A Column Qualifier provides an index for data stored in a Column Family. The Column qualifier is not a fixed value, so various data can be entered. It can be thought of as a map object.

A group of Columns where all ColumnFamily members use the same prefix.
NOSQL:Cassandra and NOSQL:HBASE are member columns of the NOSQL column family.
The column family prefix must consist of displayable characters.
Part of the table schema definition must be specified first.
All column family members are physically stored together in the file system.
New column family members can be added dynamically.

Cell

A Cell is a data unit consisting of Column family, Row key, and Column qualifier. The value of each column is called a cell.

A data cell includes a value and a timestamp, which is the version of the value. Because there is a timestamp, previous values are stored together and maintained for a certain period.

A tuple with ROW KEY, Column, and Version specified.
The value is an arbitrary byte array and Timestamp.
Table cells are versioned, only cells.

Timestamp

Versions are assigned to values where the same data is stored in a Cell. Each version is identified by a version number assigned during creation time. If Timestamp is not mentioned while writing data, the current time is assigned.

HBase data types

Apache HBase has no concept of data types. Everything is a byte array. When values are inserted, it is a kind of byte-in and byte-out database converted to byte arrays using the Put and Result interfaces. Apache HBase uses a serialization framework to convert user data into byte arrays.

Apache HBase cells can store values up to 10 to 15 MB. If a value is larger, it can be stored in Hadoop HDFS and file path metadata information can be stored in Apache HBase.

HBase data storage

The following introduces how Apache HBase is physically stored.

Conceptual view

You can see that a table is represented as a series of Rows at the conceptual level.

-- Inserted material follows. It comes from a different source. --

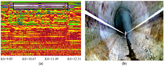 The typical void defect GPR image is shown in Figure 9. The void interface has strong reflection, which is distributed in an approximate horizontal band with multiple reflection signals. The detected void is located on the left side of the survey line with the pipe section number of 25,822~28,384 and starting and ending mileages of 9.9~11.8 m.

The following is a conceptual diagram of how data is stored in HBase.

Conceptual view

Physical view

In the physical view, a table is physically stored by column family.

The following example shows a table that will be stored as a column-family-based table.

Physical view

Namespace

A namespace is a logical group of tables. It is similar to grouping related tables in a relational database.

The representation of a namespace is as follows.

HBase Namespaces
- Table
- Region Server Group
- Permission
- Quota

Let’s look at each component of namespace space.

Table

All tables are part of a namespace. If no namespace is defined, the table is assigned to the default namespace.

RegionServer group

A default RegionServer group can be assigned to a namespace. In this case, created tables become members of the RegionServer group.

Permission

Using namespaces, users can define access control lists such as read, delete, and update permissions, and with write permission, users can create tables.

Quota

This component is used to define the quota that a namespace can include for tables and Regions.

Predefined namespaces

There are two predefined special namespaces.

hbase: A system namespace used to include HBase internal tables.
default: This namespace is for all tables where no namespace is defined.

Data model operations

The main data model operations are Get, Put, Scan, and Delete. These operations can be used to read, write, and delete records from tables.

Let’s look at each operation in detail.

Get

The Get operation is similar to the Select statement in a relational database. It is used to fetch the contents of an HBase table.

You can run the Get command in the HBase shell as follows.

hbase(main) :001:0> get 'table name', 'row key' <filters>

Put

The Put operation is used to write data to a table.

Scan

The Scan operation is used to read multiple rows from a table. It differs from Get, where the set of rows to read must be specified. Scan can iterate over a row range or all rows in a table.

Delete

The Delete operation is used to delete a row or set of rows from an HBase table. It can be executed through HTable.delete().

When a delete command is executed, it is marked as deleted, and when compaction occurs, the row is finally deleted from the table.

Internal delete types are as follows.

Delete: Used for a specific version of a column.
Delete column: Can be used for all column versions.
Delete family: Used for all columns in a specific ColumnFamily.